At the end of the study, with 75 patients in the control arm and 75 in treatment arm, we see that the posterior distributions for the response rates are centered around 0.07 and 0.29 in control and treatment arms, respectively. The posterior probability that the response rate in the treatment arm is greater than that in the control arm exceeds a pre-defined (e.g., 97.5%) probability threshold and the study is deemed successful. Should data from more patients be collected, we would get narrower credible intervals for the response rates.
This example illustrates the sequential learning mechanism that the Bayesian framework offers—today’s posterior becomes tomorrow’s prior. A Bayesian sequential approach can be applied to early phase trials as well as confirmatory trials. For example, a sequential design referred to as a Goldilocks design [18] has been used in pivotal medical device trials. Examples of Bayesian adaptive design features are discussed in the article “Bayesian Methods in Human Drugs and Biological Products Development in CDER and CBER” that is part of this special section on Bayesian clinical trials [19].
Introduction to Predictive Power for Interim Decision-Making
The concepts of interim analysis and adaptive trial design are not new and have been widely used in the frequentist framework [17]. To leverage the sequential learning and decision-making nature of the Bayesian paradigm, we need a framework to enable interim decision-making. In the previous section, we described how a posterior distribution can be used to form criteria for trial success. In this section, we will introduce predictive probabilities and discuss how they can help inform interim decision-making.
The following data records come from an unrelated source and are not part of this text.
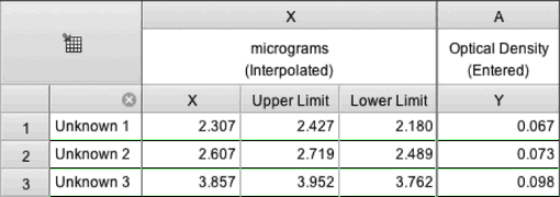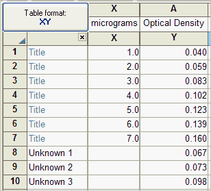 在同一表格中,将未知样本数据输入到标准样本下方。在这些行中输入仅含 Y 值的行(本示例所示),或仅含 X 值的行。可选地输入行标题以标注这些未知样本。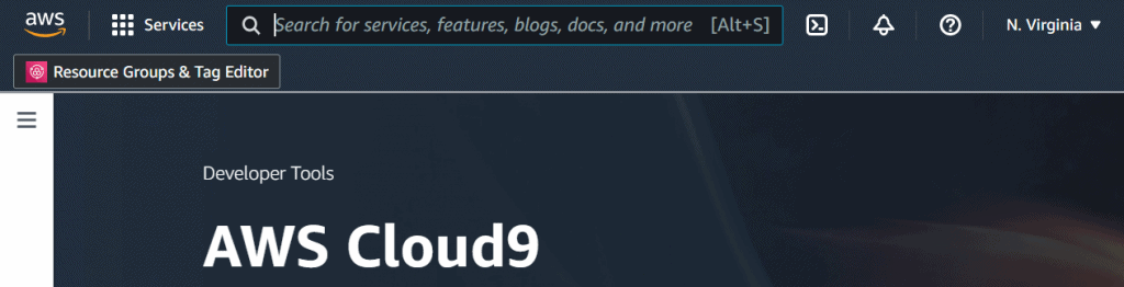 5. If you want to create your Cloud9 environment in any specific Region then change the region from top navigation bar. Here we are using N. Virginia (us-east-1)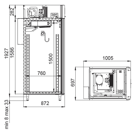 Каталог оборудования Холодильное оборудованиеШкафы холодильныеСпециализированные холодильные шкафыШкаф холодильный для вызревания мяса Polair CS107 Meat черный, со стеклом (Тип 2) Шкаф холодильный для вызревания мяса Polair CS107 Meat черный, со стеклом (Тип 2) Код товара: 062-633 Поделиться: WhatsAppTelegram СравнитьДобавить в КПВ избранное 0 392 700 ₽ В корзину 0 шт Под заказСамовывоз сегодня бесплатно Взять в кредит Купить в лизинг Получить консультацию в WhatsApp Описание Характеристики Отзывы 0 Инструкции 5 Шкаф холодильный для вызревания мяса Polair CS107 Meat черный, со стеклом (Тип 2) предназначен для создания оптимальных условий хранения и дозревания мяса на предприятиях общественного питания и торговли. Монолитный цельнозаливной корпус выполнен снаружи и на двери из окрашенной стали, внутри — из нержавеющей стали, дверь оснащена стеклопакетом. Оборудование рассчитано на работу при температуре окружающей среды до 40 °С. Особенности: Верхнее расположение агрегата для эффективного распределения холода Многофункциональная русифицированная панель управления с дисплеем диагональю 5" Возможность создания и сохранения собственных программ в памяти электронного блока Четыре перфорированные полки для удобного размещения продукции Встроенный ультразвуковой увлажнитель (требуется подключение к системе очищенной воды и централизованной канализации) UV-лампа для обеззараживания воздуха, обеспечивающая санитарную безопасность Распашная дверь с заливной теплоизоляцией и сменным уплотнителем с магнитной вставкой Встроенная удобная ручка Отключаемая внутренняя LED-подсветка Штампованное углубление в дне корпуса для удобства уборки Педаль для бесконтактного открывания двери Максимальная нагрузка на полку — 40 кг Толщина стенок корпуса — 43 мм Polair CS107 Meat черный, со стеклом (Тип 2) — это надежный и функциональный холодильный шкаф, который обеспечивает стабильные и комфортные условия для хранения и дозревания мяса. Высококачественные материалы корпуса и дверей, продвинутые системы увлажнения и обеззараживания воздуха, а также удобное управление позволяют значительно повысить качество продукции и эффективность работы предприятий пищевой отрасли.Изображение товара, представленного на фото, может отличаться от его фактического вида. Показать все Габаритные размеры697×1005×1960 ммДиапазон рабочей температурыот -2 до +30 °CДлина697 ммШирина1005 ммВысота1960 ммОбъём700 лКол-во дверей1 Тип двериСтеклянная Количество полок4 штДопустимая нагрузка на полку40 кгУровень влажностиот 60 до 95 %Холодильный агрегатВстроенный Тип оттайкиАвтоматическая Тип охлажденияДинамическое ПодсветкаЕсть UV-лампаЕсть ХладагентR290 Вес нетто160 кгВес брутто190 кгБрендPolairВсе специализированные холодильные шкафы Из нержавейкиВсе специализированные холодильные шкафы Стеклянная дверь Оставить отзыв Еще никто не оставил отзыв на этот товар Схема POLAIR CS107-Meat.jpgИнструкция на POLAIR CS107-Meat.pdfБрошюра на POLAIR CS107-Meat.pdfДекларация о соответствии.pdfСертификат соответствия.pdf Похожие товары Перейти в каталог Под заказ 391 000 ₽ Шкаф холодильный для вызревания мяса Polair CS107 Meat (Тип 2) Под заказ 390 915 ₽ Шкаф холодильный для вызревания салями Polair CS107 Salami Под заказ 402 050 ₽ Шкаф холодильный для вызревания мяса Polair CS107 Meat со стеклом (Тип 2) В наличии 405 365 ₽ Шкаф холодильный для хлебопекарных производств Polair CS107 Bakery Br черный, со с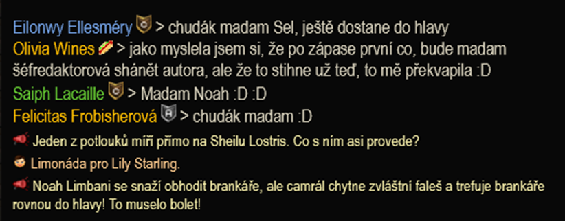 Lehký rozkaz, viďte? Jenomže vedení je někdy… trošku delší. No a nebo jsou ruce rychlejší, nebo matematika nematematikuje. Úplně vidím tu situaci, někdo na vás intenzivně řve „Pij!“, vy jste třeba na chytači, takže nevnímáte moc okolí, protože počítáte čísílka. A vzhledem k tomu, že jste poslušný hráč, prostě pijete. Že toxicitu přehlédnete, se stát může. Ale že přehlédnete, že jste na zemi? To je pak docela problémová situace. Samozřejmě. Chápu, že někteří mají léčivé lektvary rádi a chutnají jim, za plnohodnotnou večeři bych to ale nepovažovala a co si budeme, když jste na zemi, můžete si jít pro ten toxicky zelený lektvar na ošetřovnu. Nepotřebujete se posilňovat laudanem. Ale s těmito situacemi se dnes a denně na zápasech setkáváme.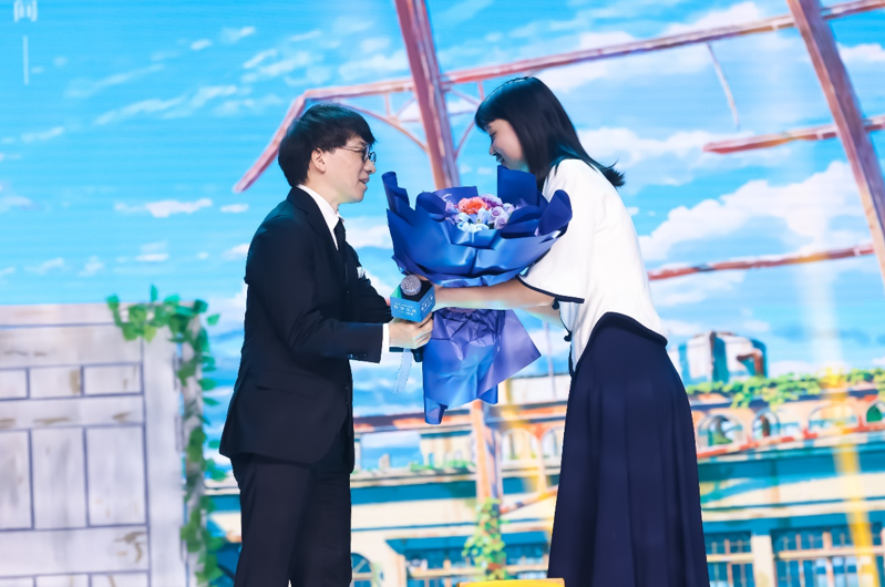 日语系21级翻译专业硕士生王瑞阳给导演鲜花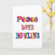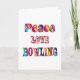Share your love for bowling with this shiny blue design saying Peace Love Bowling. Great gift for a bowler.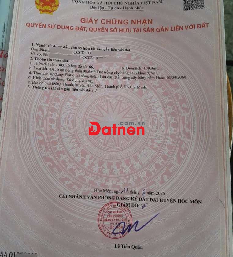 Chủ gửi bán lô Đất 1/ hẻm ôtô đường Đông Thạnh 1-4, Đông Thạnh ,Hóc Môn - Giáp Quận 12 (cách cầu Sa 500m).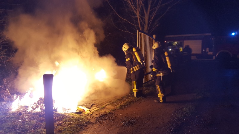 Um kurz nach 21.00 Uhr alarmierte die Rettungsleitstelle zu einem Containerbrand in die Wochenendsiedlung Bürgerpark. Umgehend besetzten die in der Feuerwache zur Silvesterfeier anwesenden Kameraden den ELW und das TLF und waren kurz nach der Alarmierung vor Ort. Der Angriffstrupp ging unter Atemschutz zur Brandbekämpfung vor und löschte die beiden Müllbehälter ab. Auch die Polizei war Ort und ermittelt zur Brandursache.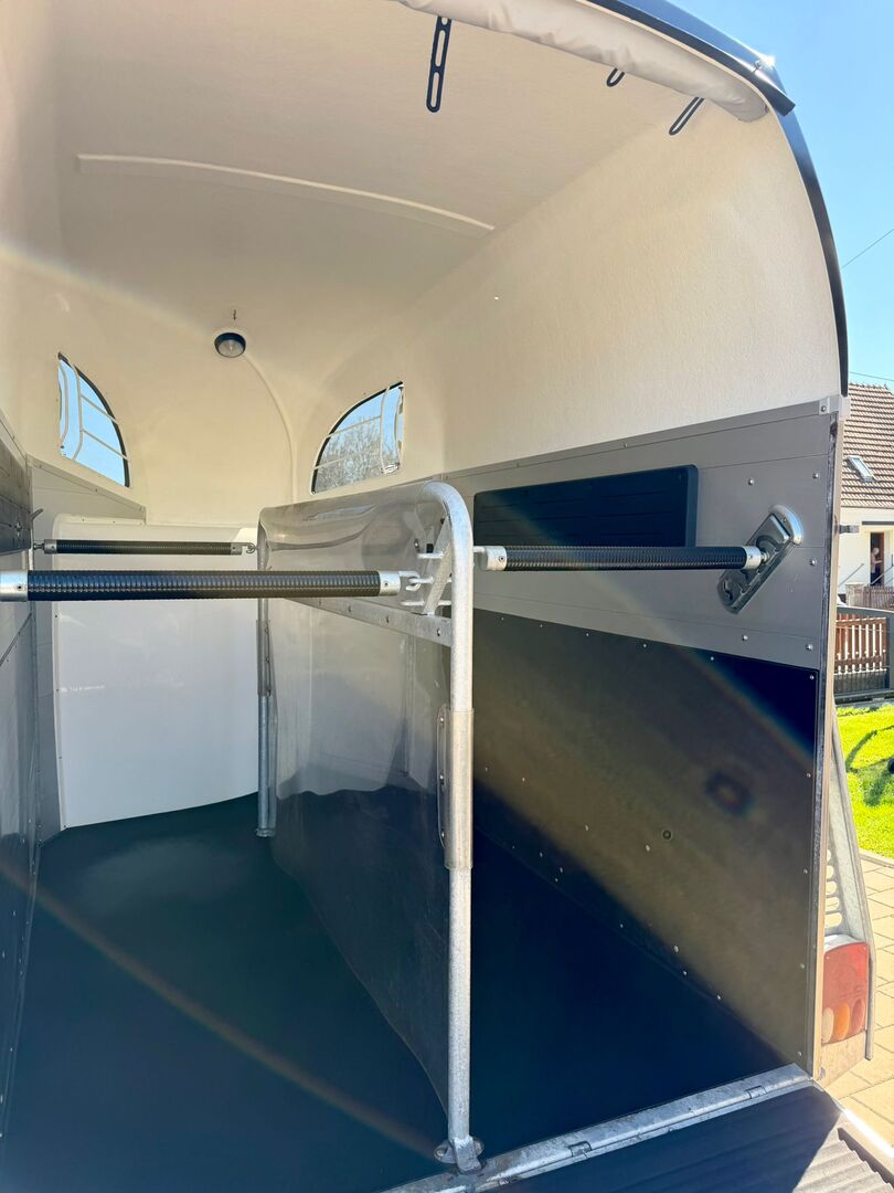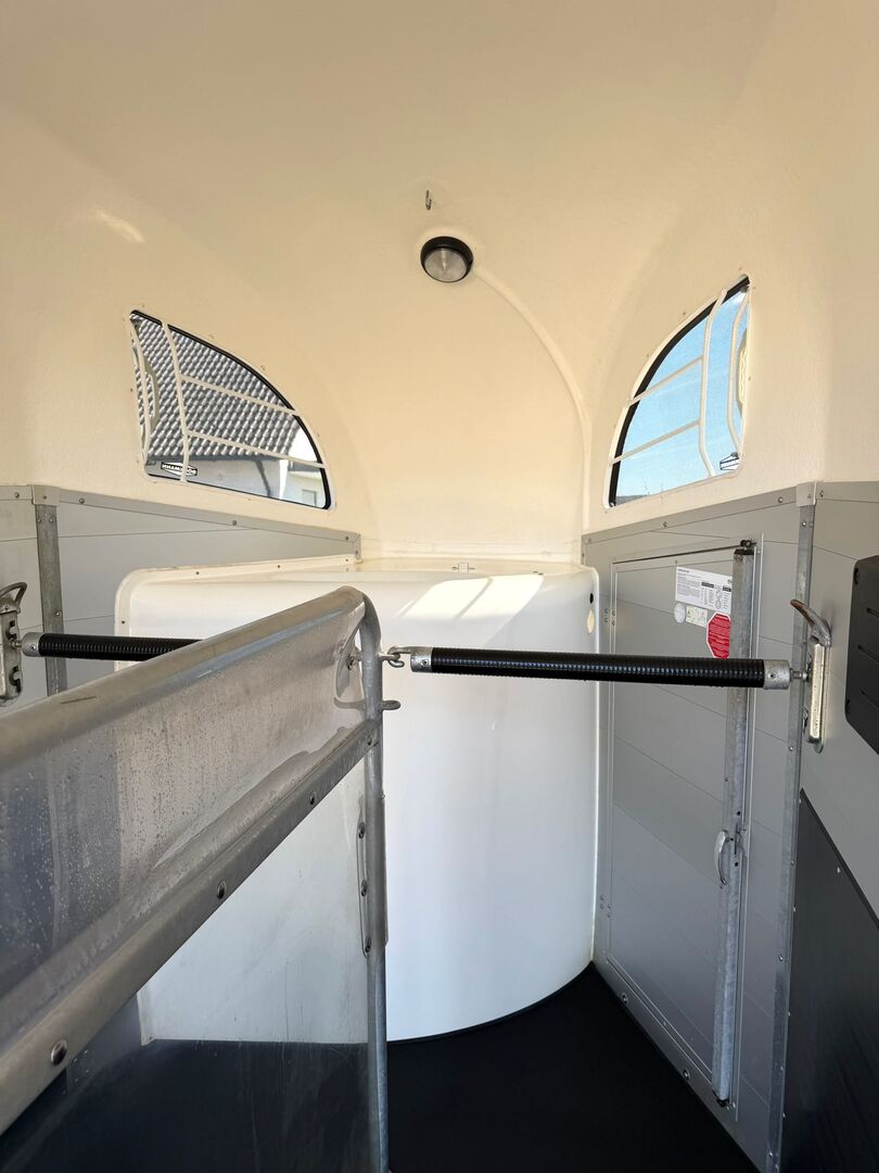 - Första registrering 10/2019 - tillåten totalvikt 2400 kg - max. dragstångsbelastning 100 kg - HU fram till augusti 2027 - CFF Plus-chassi med stötdämpare för 100 km/h-godkännande - Automatiskt jockeyhjul - Öppningsbara tonade fönster - POLYBUG - Paniksystem - Lastningshjälp - Lyft för presenning - Sadelkammare med utdragbara sadelhållare, kvast, spade - Skydd för fotsteg - Polstring på sidorna - Integrerat fodertråg - Hållare för hönät - Invändig belysning - Skiljevägg i PVC helt flyttbar med justerbar svängbar stång - NIVELLERING AV PONNY - Gummigolv limmat och tätat - GOLV I ALUMINIUM - Sidostopp på lastningsrampen

Bayesian methods can help to improve interim decision-making in the context of a development program or a single trial [20–22], for example, dose selection, population enrichment, and early stopping for futility or efficacy. Bayesian computation may allow better use of interim data and provide more adaptive options at the interim analysis (IA). For example, the calculation of predictive probability can include partial follow-up times of patients who have been enrolled but have not yet experienced an event of interest or completed the follow-up period. In this case, efficacy stopping based on predictive probability is consistent with a decision-making process that if existing (interim) data demonstrate superiority at IA, and the superiority will likely be maintained after the remaining data are collected, a trial may be stopped early [20]. Importantly, Bayesian IA methods do not require the trial to be fully Bayesian and can be applied to trials designed with a frequentist final analysis.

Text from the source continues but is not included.